I've been very happy with the reliability on WRTs I've fielded, and I've put them in places where I'd know if they had any disruptions. That said, from what I've seen on the 'net, the wall wart is the number one reliability problem. If this worries you, you can buy two WRTs, run VRRP, and buy a third for cold spare, within the OP's budget.

The main win the OP has is a need for all-Ethernet. If you needed to bring a T1 or so directly in, you'd be playing in a whole different field.

The main downside of a WRT/OpenWRT is that the UI is *not* easy to use. That is a major downside to consider.

I think this is one of those situations where, although your idea is good and all, it is too shocking, too seemingly risky from our perspectives.

I did read what you have been doing with them in other thread and am definitely impressed.

What I would REALLY look foward too is the ability to use routing protocols on my soekris box.. jus imagine, it is even smaller than my wrt54gs and has a 266mhz geode, 128mb ram, 5 interfaces and a 512MB flash card.

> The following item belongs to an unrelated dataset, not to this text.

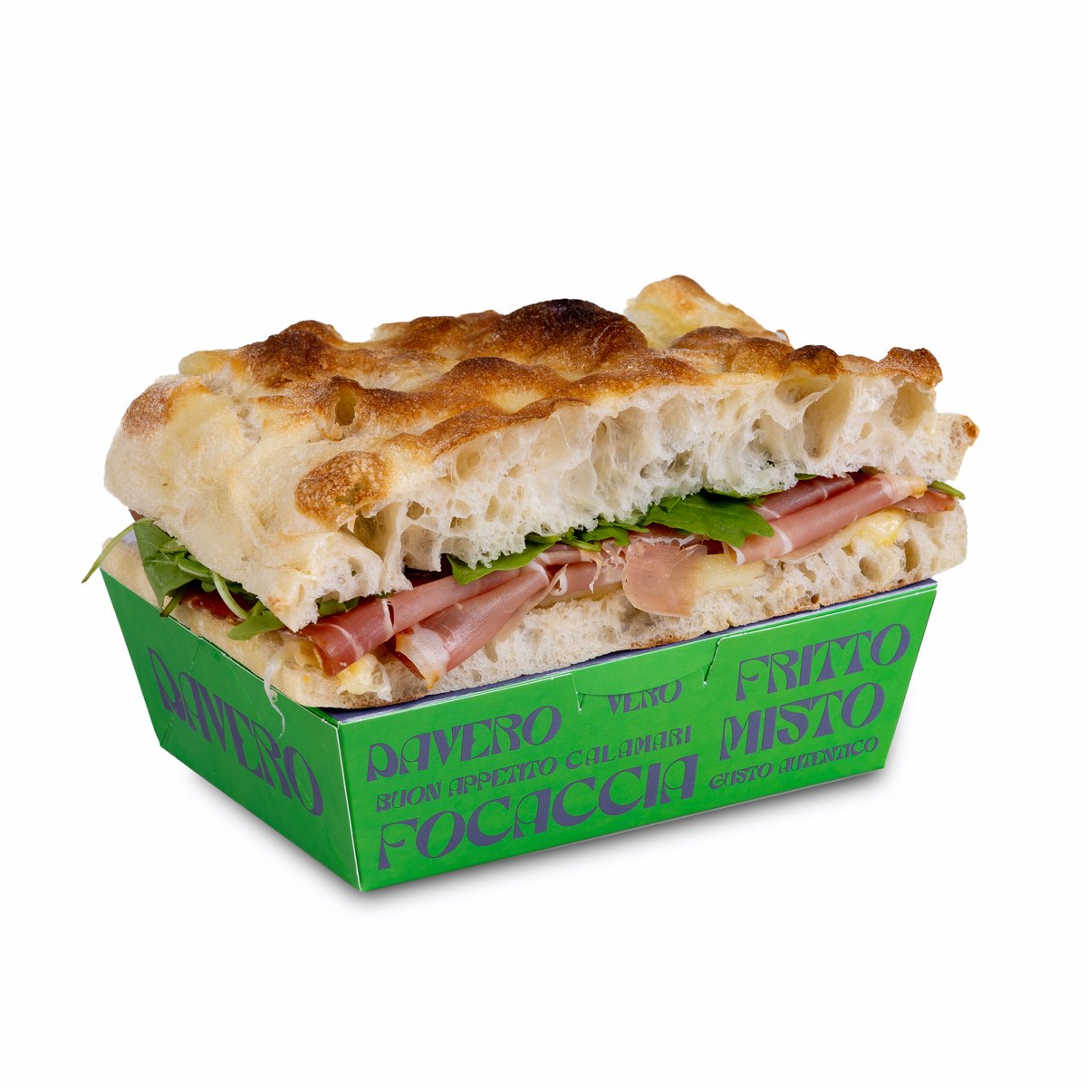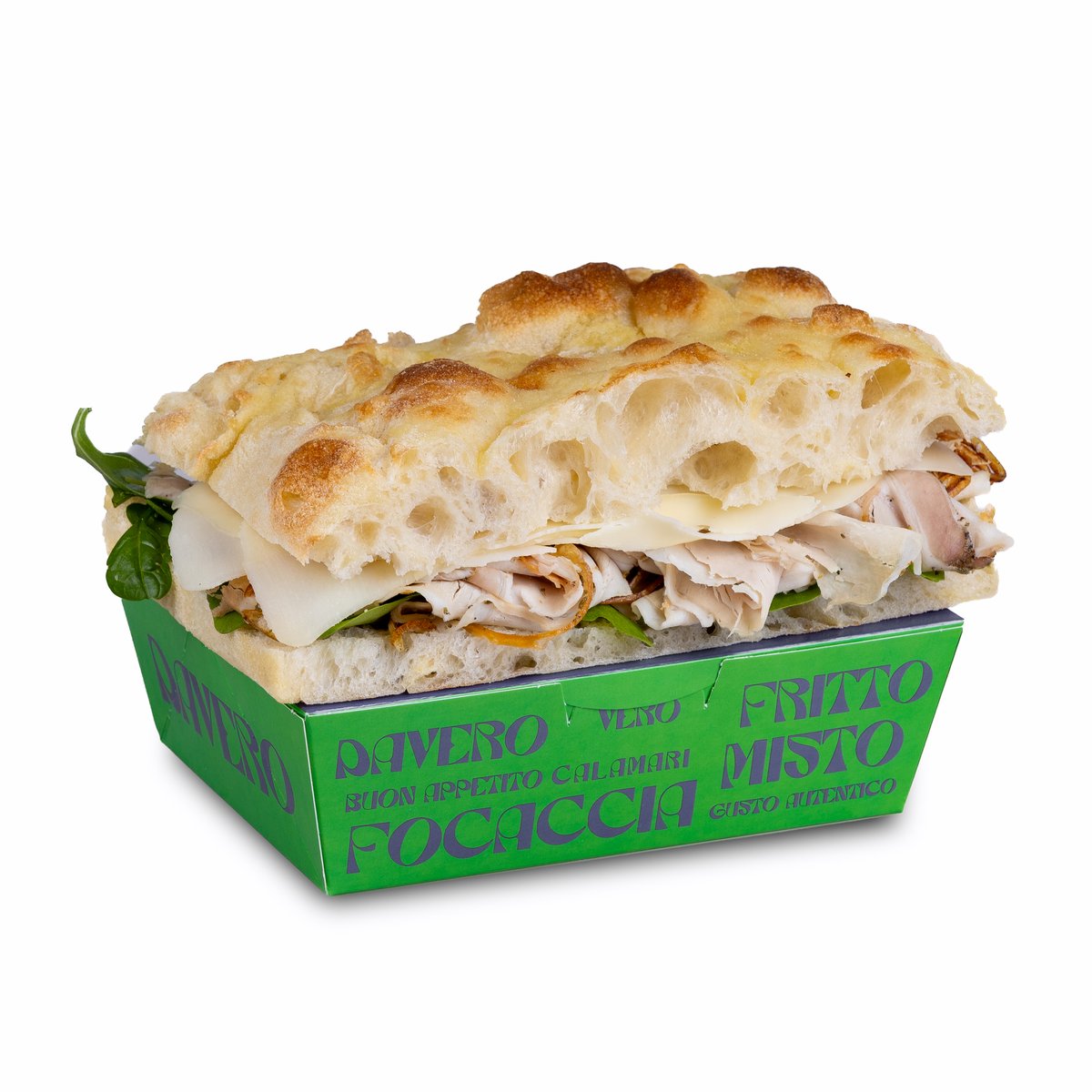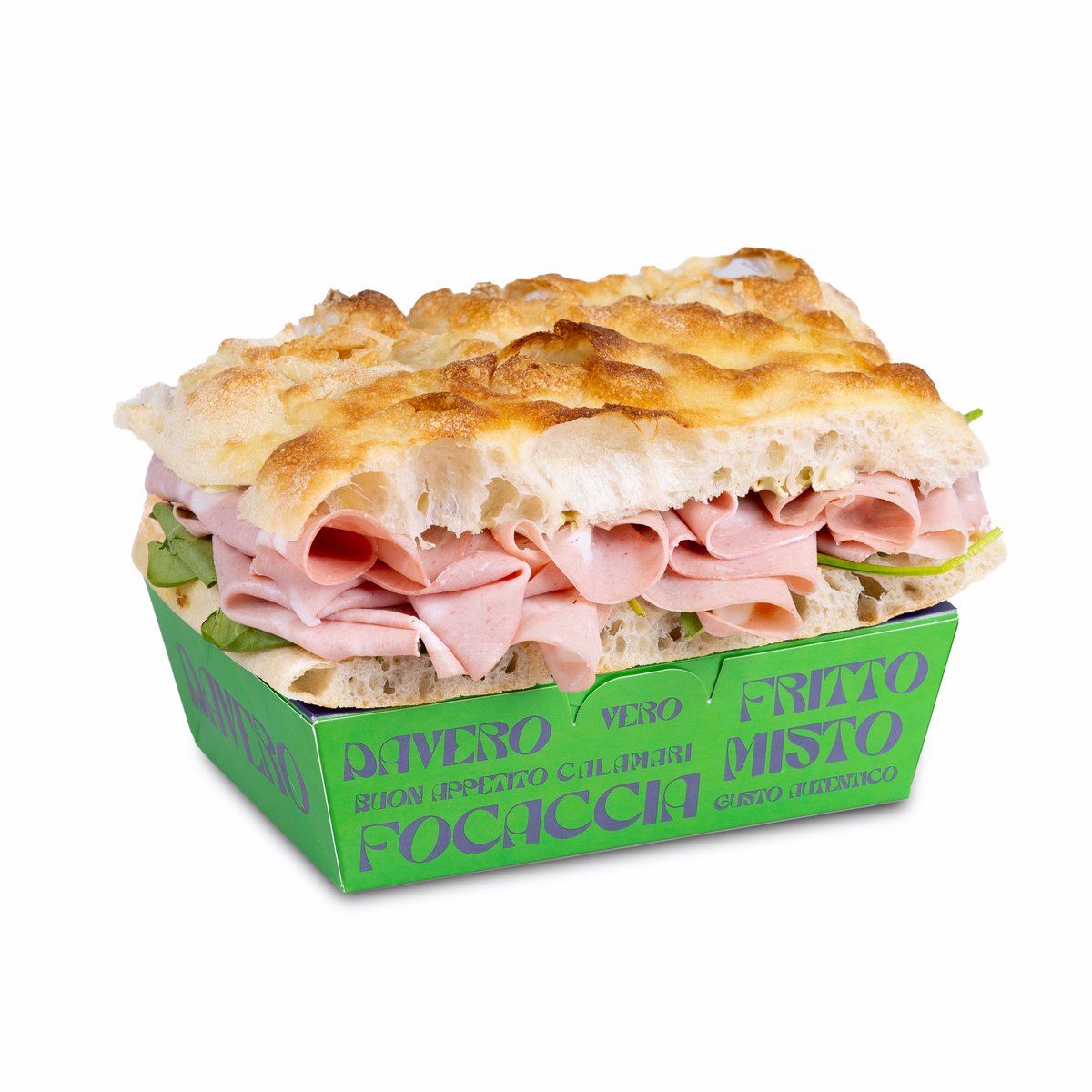 Focaccia, parizer, sos muștar, provolone, pastă brânză, baby spanac 500g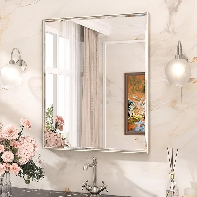 811069 - Silver 32 in. W x 36 in. H Bohemian Rectangle Glass Framed Mirror Wall Mirror Wall Decor Mirror

Talk about serious power in a VERY small package

 

[cmetz]

Goosemaster, there's certainly no reason why you can't run Linux/Zebra or OpenBSD with its BGPd/OSPFd on your Soekris. I've tended to avoid that platform; I've been told by reliable sources that the Soekris people (er, guy) is hard to do business with. (I think the core of the problem is that it's basically one guy there, he's just gotta be stretched too thin)

I have been looking a lot at the new Via C7 platforms. The C3/C5 platforms were seriously underpowered for what they were, but I have this eternal optimism that they'll either fix their performance or at least improve it enough. A C7 with a few on-board network ports, on-chip AES, and a low-depth 1U rackmount case would make a very interesting network device platform.

Of course, once you're just running a PC, you could just get the Dell/HPaq deal of the day box, and it's all about the software.